22 junho 2012

Na poeira do tempo

Google Imagens
Disse Mario Quintana: “o passado não reconhece o seu lugar: está sempre presente”. Não vou contrapor um gênio, mas pode ser que eu queira ir mais fundo. Claro que Quintana não é raso, ele é uma profundidade só. Por menos que fale; e quando parece miudinho. Então: quero demorar mais no assunto, ser chata.

E questionar: é o passado que retorna em papel presente? Ou são as pessoas que vivem dando um jeito de cutucá-lo, – não o deixando em paz – assim, como quem não quer nada? Digo isso porque em mim bate, de repente, uma vontade enorme de rever passados. Vontade besta, eu sei. O passado está lá: feito nas coisas que fiz e desfeito nas coisas que deixei passar. Não mudará nunca mais. Repito: sei disso. E futuco.

Mas se futuco é sabendo que ele não poderá me dar além de um dedo na ferida que não sarou ou de um sorriso vão por quem não sou mais. Apesar disso, o passado – com seus príncipes encantados e bruxas endemoniadas – mexe comigo. Revisito-o, de quando em quando, numa fotografia, numa página velha, num pensamento guardado comigo como um segredo.
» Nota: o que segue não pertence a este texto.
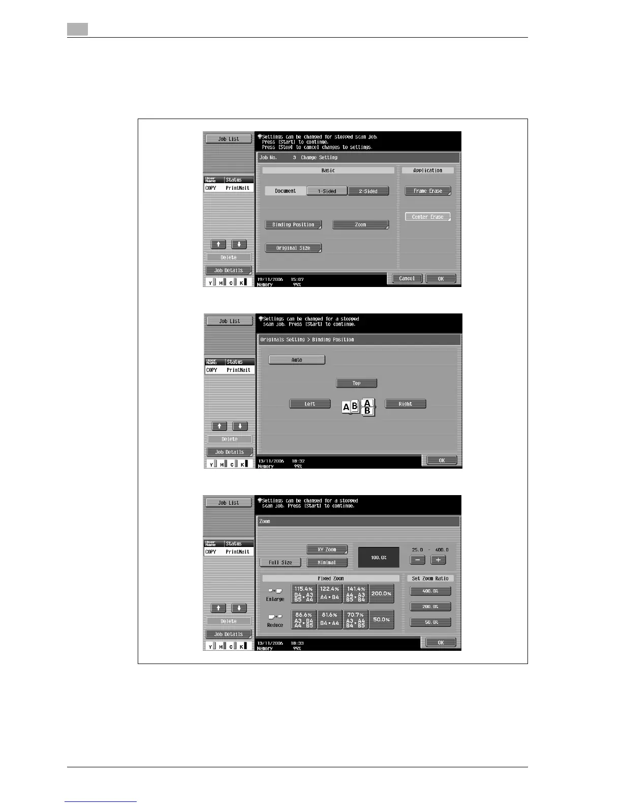 1-Sided/2-Sided, Binding Position, Zoom, Frame Erase, Center Erase, Original Size

Aonde vou com tudo isso? É fácil perceber: a lugar algum. Passados não dão passos à frente, não deixam as vidas criarem expectativas novas. São como uma plantinha bonita e quase inofensiva que ninguém deveria mais aguar.

2 comentários:

jeremias pereira disse...

Ontem estava vendo um filme anoite, "O filme dos espíritos", e como sempre saio destroçado desses filmes, pois sempre me faz lembras das perdas passadas.Quando os sentimentos saem a flor da pele as frases também saem, a final no filme essa veio em minha cabeça pensante e inquieta:
"Não deixe o passado segar sua visão de presente e futuro." .

Anônimo disse...

O curioso, Isolda, é que os saudosistas costumam falar do passado atribuindo a ele mais cores, mais intensidades do que talvez tenha sido realmente...
Entre as inúmeras razões para se criar estas narrativas, talvez esteja o fato que estamos sempre agregando mais responsabilidades às nossas vidas, do que tínhamos ontem. É certo que sempre temos algum grau de responsabilidade desde a infância, com a escola, mas, quando adultos, somammos: estudo, trabalho, competitividade, contas a pagar etc. Ainda assim, penso que o importante é manter atualizada uma perspectiva lúdica em relação a vida presente. Do contrário não seremos apenas saudosistas (quando bem dosado é até bom! Quem não gosta de lembrar coisas boas e engraçadas de sua trajetória pessoal?) mas também infelizes.